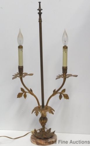 Title (ebay affiliate link): Lg Vintage Antique Continental French Gilt Dore Bronze 2 Light Leaf Table Lamp
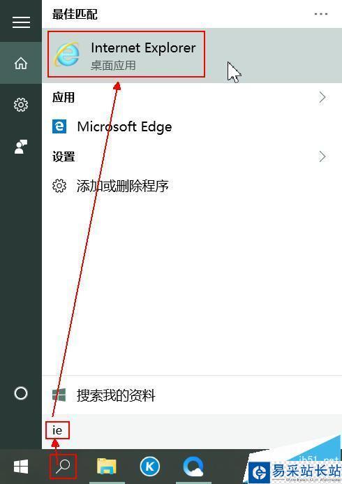 5、為了把書簽導入IE,在桌面搜索:IE,然后點擊打開
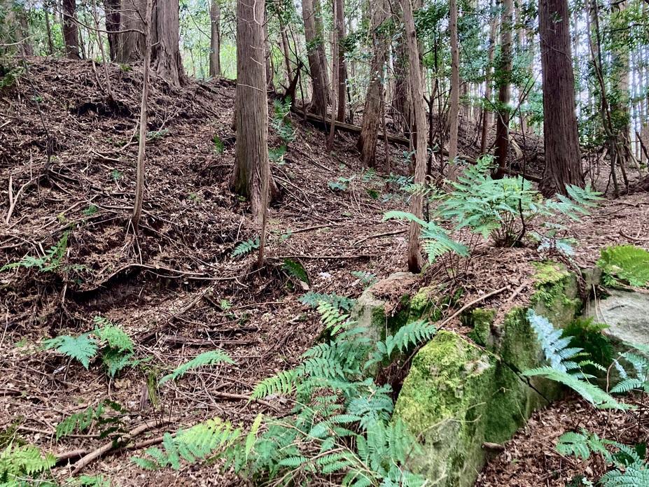 永井氏城との間にも浅い堀切や石積み、古墳が確認できます。
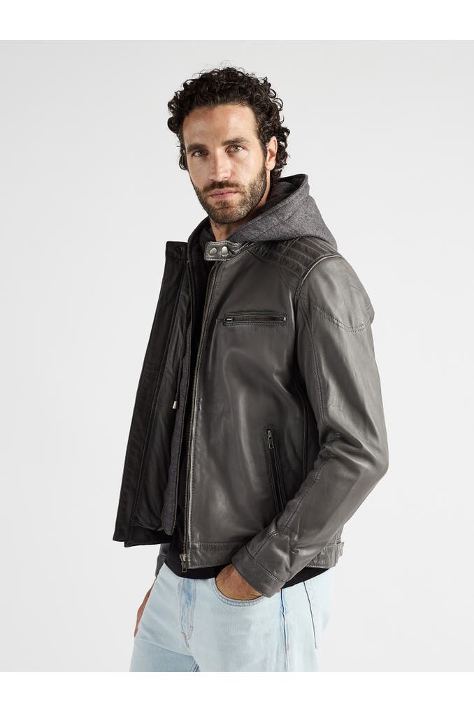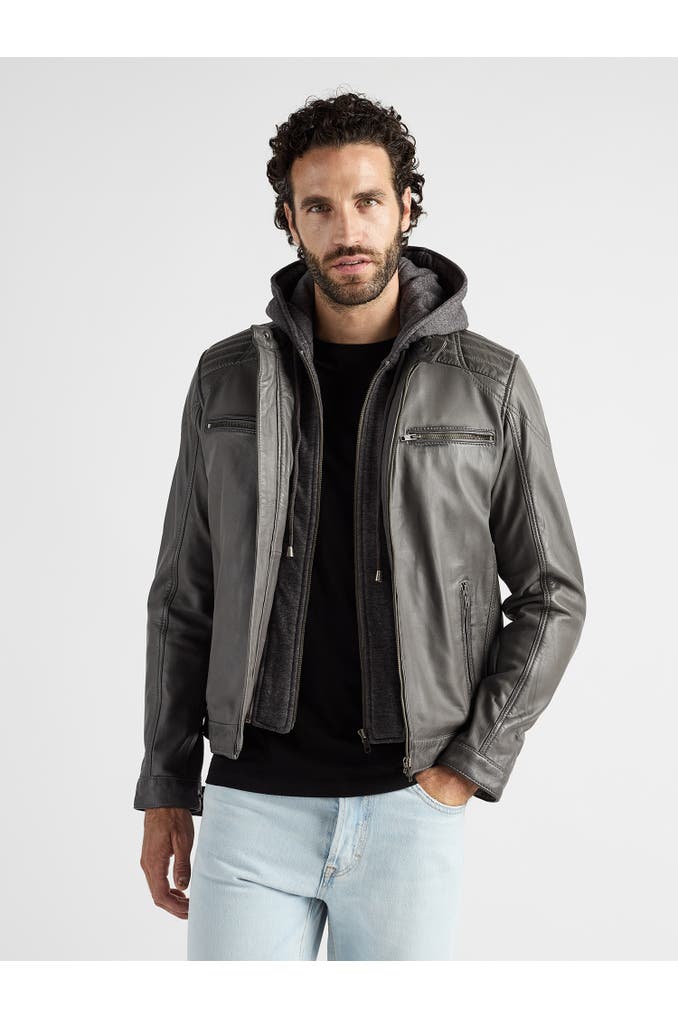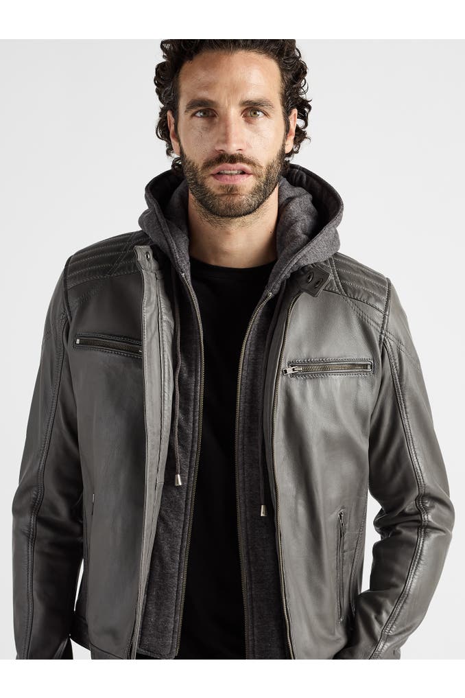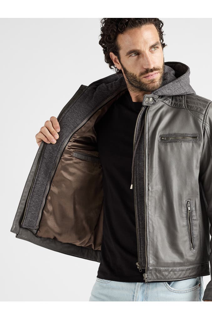 Diese modische Lederjacke aus Schafsleder vereint urbanen Streetstyle mit hochwertiger Verarbeitung und funktionalen Details. Ausgestattet ist diese Jacke mit markanten Ziernähten, Reißverschlusstaschen sowie einer wärmenden, integrierten Kapuze. Des Weiteren besitzt die Jacke zwei Brusttaschen sowie einen doppelten Reißverschluss.Der doppelte Reißverschluss sorgt für ein reibungsloses An- und Ausziehen und unterstreicht den Komfort der Jacke. Diese Lederjacke ist somit ein vielseitig anziehbares Stück - ideal für die kalten Tage.
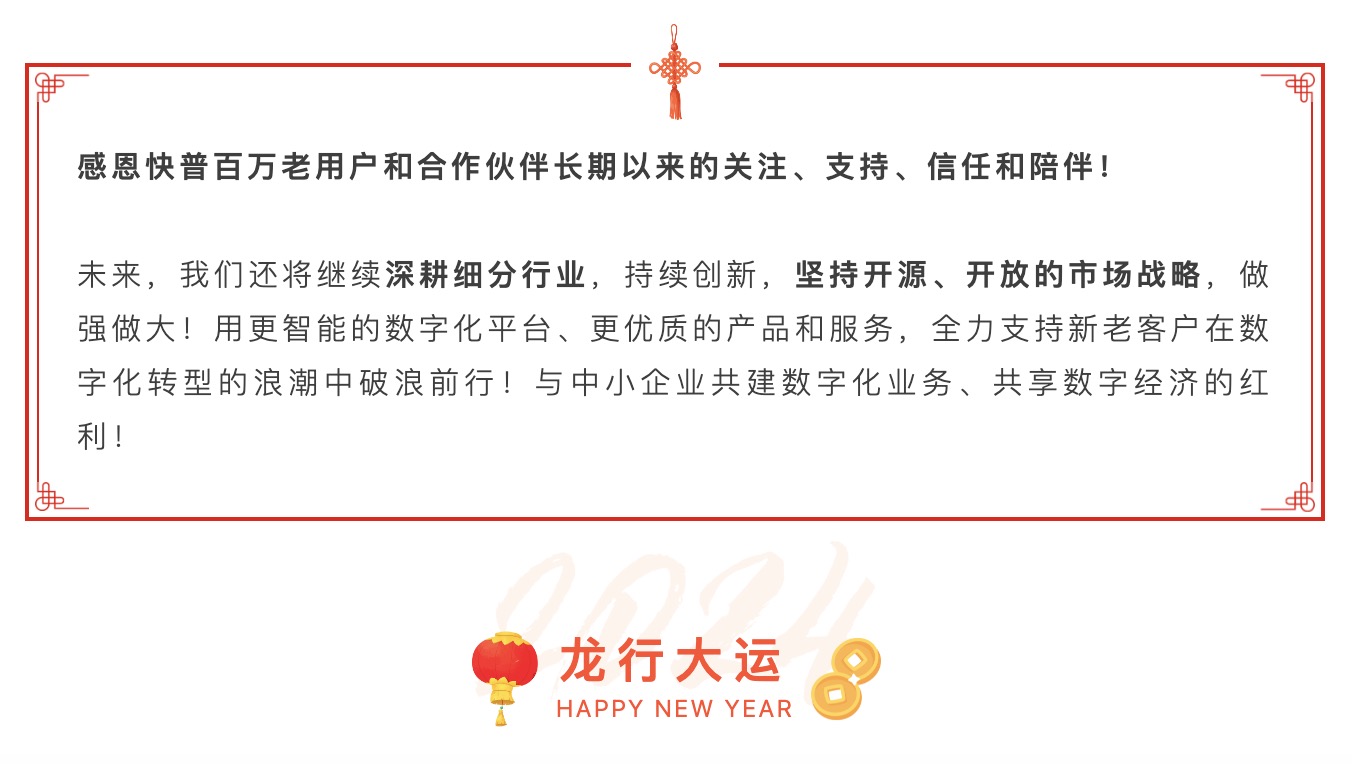 2023年是快普銳意改革、開拓進(jìn)取的一年。面對機(jī)遇和挑戰(zhàn),我們苦練內(nèi)功,加大研發(fā)投入,積極擁抱市場,通過新一代“易”系列產(chǎn)品,幫助大量企業(yè)成功實(shí)現(xiàn)數(shù)字化的轉(zhuǎn)型升級,賦能企業(yè)邁向高質(zhì)量發(fā)展!同時,快普也實(shí)現(xiàn)了自身的逆勢增長,多項(xiàng)科技創(chuàng)新成果獲得了政府的嘉獎與社會各界的好評!2024年,我們不忘初心,堅(jiān)守“數(shù)字化平臺服務(wù)商”的使命,1月份再創(chuàng)多項(xiàng)佳績!

★ ★ ★ ★

- _ASSIGNMENT_
Without the pictures, restate all of the entries above verbatim.

- _FINISHED TASK_
 Title (ebay affiliate link): Lg Vintage Antique Continental French Gilt Dore Bronze 2 Light Leaf Table Lamp
 5、為了把書簽導入IE,在桌面搜索:IE,然后點擊打開
 永井氏城との間にも浅い堀切や石積み、古墳が確認できます。
 Diese modische Lederjacke aus Schafsleder vereint urbanen Streetstyle mit hochwertiger Verarbeitung und funktionalen Details. Ausgestattet ist diese Jacke mit markanten Ziernähten, Reißverschlusstaschen sowie einer wärmenden, integrierten Kapuze. Des Weiteren besitzt die Jacke zwei Brusttaschen sowie einen doppelten Reißverschluss.Der doppelte Reißverschluss sorgt für ein reibungsloses An- und Ausziehen und unterstreicht den Komfort der Jacke. Diese Lederjacke ist somit ein vielseitig anziehbares Stück - ideal für die kalten Tage.
 2023年是快普銳意改革、開拓進(jìn)取的一年。面對機(jī)遇和挑戰(zhàn),我們苦練內(nèi)功,加大研發(fā)投入,積極擁抱市場,通過新一代“易”系列產(chǎn)品,幫助大量企業(yè)成功實(shí)現(xiàn)數(shù)字化的轉(zhuǎn)型升級,賦能企業(yè)邁向高質(zhì)量發(fā)展!同時,快普也實(shí)現(xiàn)了自身的逆勢增長,多項(xiàng)科技創(chuàng)新成果獲得了政府的嘉獎與社會各界的好評!2024年,我們不忘初心,堅(jiān)守“數(shù)字化平臺服務(wù)商”的使命,1月份再創(chuàng)多項(xiàng)佳績!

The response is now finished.